Sanderson and Callard hold the serious responsibility and opportunity to mold the young, impressionable minds of their students. And this responsibility is not unique to Sanderson and Callard; it falls on all professors. More broadly, it is the work of our university community to think deeply about who we make into our celebrated leaders and to question what gives them the power to produce standing-room-only events.
As is represented in “The Masque of Youth,” that mural of young adults honoring a supposedly wiser, royal nobility, UChicago students buy into the notion that education can be intellectually and morally uplifting. It is then up to our educators to guide us through it with caution, and it is up to us not to get too caught up in the masque itself.

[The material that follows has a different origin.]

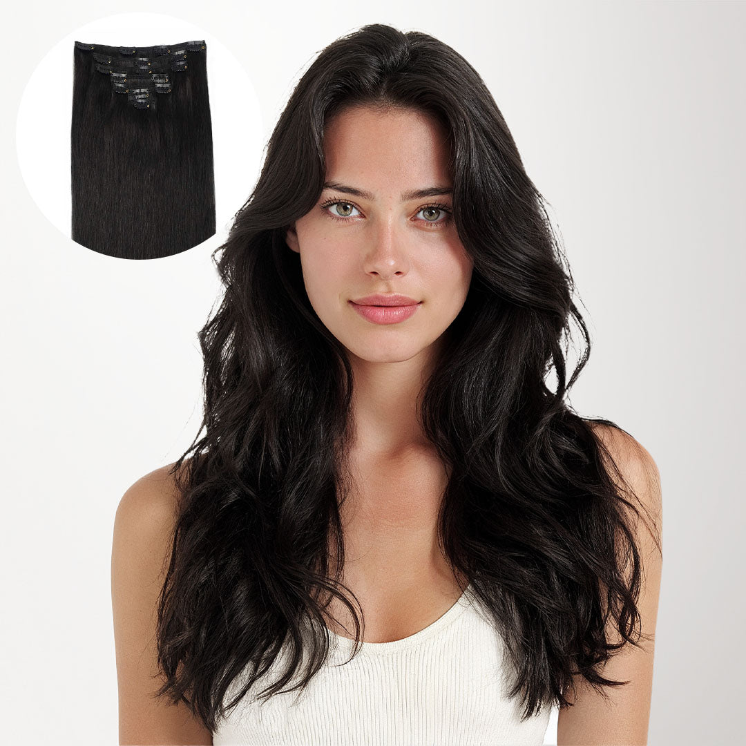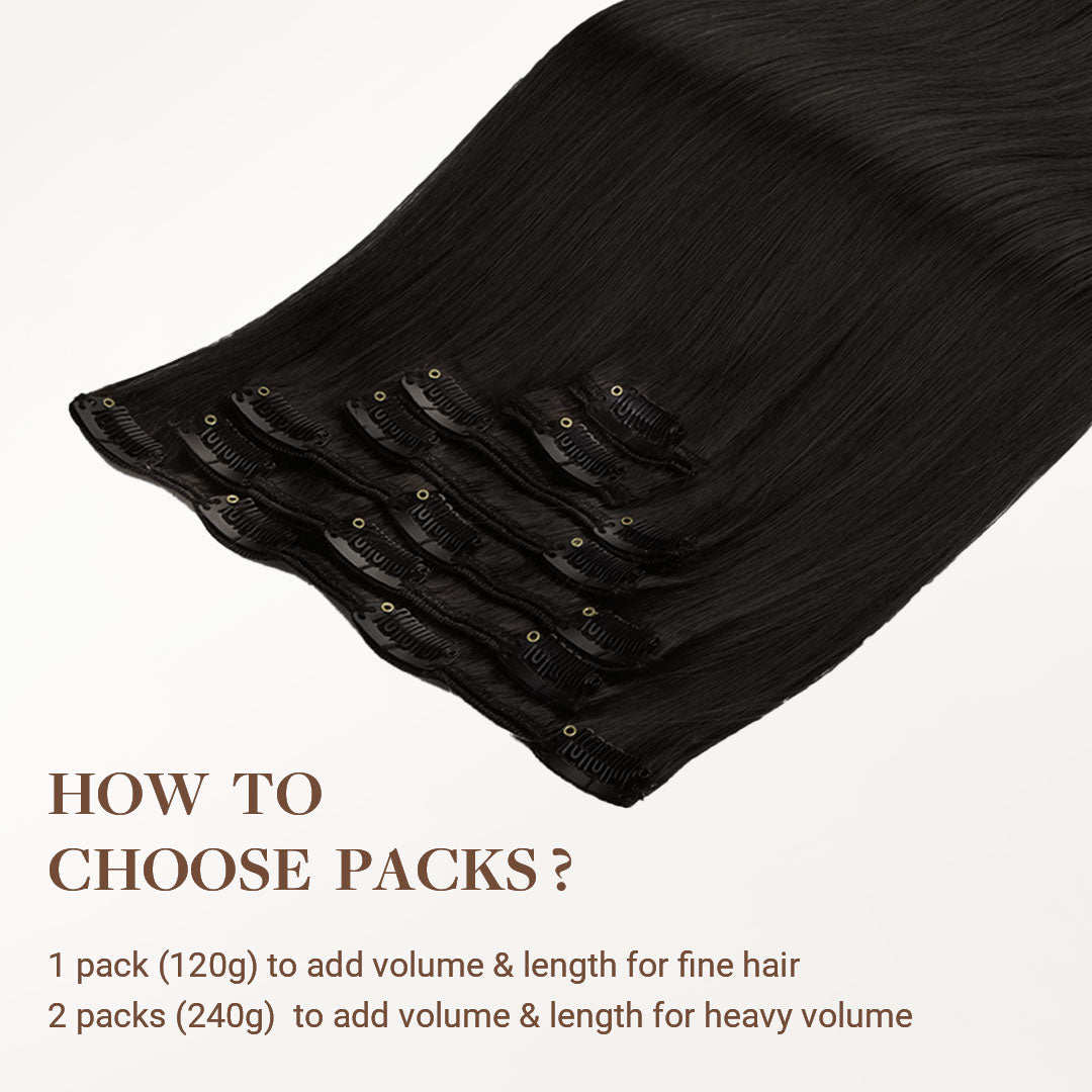 DESCRIPTION –Fuller, longer hair instantly –100% Remy Human Hair –Easy to clip in –Multiple lengths & shades –Heat safe and holds curls –Perfect for all hair type 120G/130G Clip-In Set Includes: 1PC 5-Clip Weft – 8 Inch 2PCS 4-Clip Wefts – 6 Inch 2PCS 2-Clip Wefts – 4 Inch 2PCS 1-Clip Wefts – 2 Inch 150G Clip-In Set Includes: 1PC 5-Clip Weft (8 Inch) 2PCS 4-Clip Wefts (6 Inch) 4PCS 2-Clip Wefts (4 Inch) 2PCS 1-Clip Wefts (2 Inch) WEIGHT LENGTH TOTAL PIECES 120G 14” 16” 18” 20” 22” 24” 7 130G 20″ 7 150G 22″ 24″ 9 GOO GOO Hair clip-in hair extensions are the perfect solution for those who want longer, fuller, more beautiful hair instantly. Our hair extensions are easy to clip-on in just minutes, without the hassle of glues, tapes or weaves. There is no commitment, wear them as often as you like. They are easy to use, we have a wide color selection. GOO GOO Hair Clip In Hair Extensions are luxurious extensions that have specially designed small clips with a unique silicone strip that won’t damage your natural hair or scalp. This allows them to stay securely in place without need for hairspray or teasing of your natural hair, even if you have fine or thin hair in most cases. Because all of our extensions are only made with real human hair, they can be washed, styled, blow dried, flat ironed, and/or curled using hot tools, just like your own hair. TUTORIAL How to wear clip in hair extensions? Step 1- Separate your hair: Starting at the lower back section of your head, use a tail comb or index finger to divide(horizontally part)your hair, at the lower back of the head i.e. just below one ear to the second ear. Also, you can start parting even lower, as low as you want to place the first weft. Step 2- Choose a suitable width clip hair and open the clips that are sewed on the weft. Step 3- Prepare the hair wefts and wear on your hair, then check if wear firm. Step 4- Release the hair you held out of the way and create a new parting. Repeat the first to third steps to wear on the other side of the head. Each time leave the extra hair, on top of your head. Step 5- After wear all hair pieces put your hair down and comb neatly. You will have a good looking in an instant. How To Wash Clip in Hair Extensions Comb your hair with a wide-tooth comb. Wash your hair extensions with warm water and sulfate free conditioner. Wash your hair by holding gently. Do not rub your hair. Comb your hair extensions with a wide-tooth comb from the bottom to the top of the hair extensions. Gently hold the hair with your hand and squeeze the water. Beat the hair with a towel until the hair is dry. Kindly Reminder: Please do not use colored shampoos (such as purple shampoo), to wash very light colored hair extensions. Because this may stain the hair extensions. SHIPPING & RETURNS Free Shipping Worldwide. All prices on the website include FREE standard shipping to applicable countries. You can exchange or refund your order within 30 days.

Sig / Sep 22, 2023 at 11:20 am
“Besides their offices, much more differentiates Callard from Sanderson and Sanderson from Callard—namely that they specialize in different social sciences—philosophy and economics—with different methods for understanding the world.” I didn’t know, until I read the article, that philosophy was a social science… Thanks.
Katie EisenstadtPhD / Sep 20, 2023 at 7:47 pm
I very much enjoyed this interesting and thorough article. I loved the insight we get into life on campus, professor student relationships, different teaching strategies and student’s perceptions of their professors.
I appreciated the specific quotes of students Elena interviewed which made the material she writes about come to life.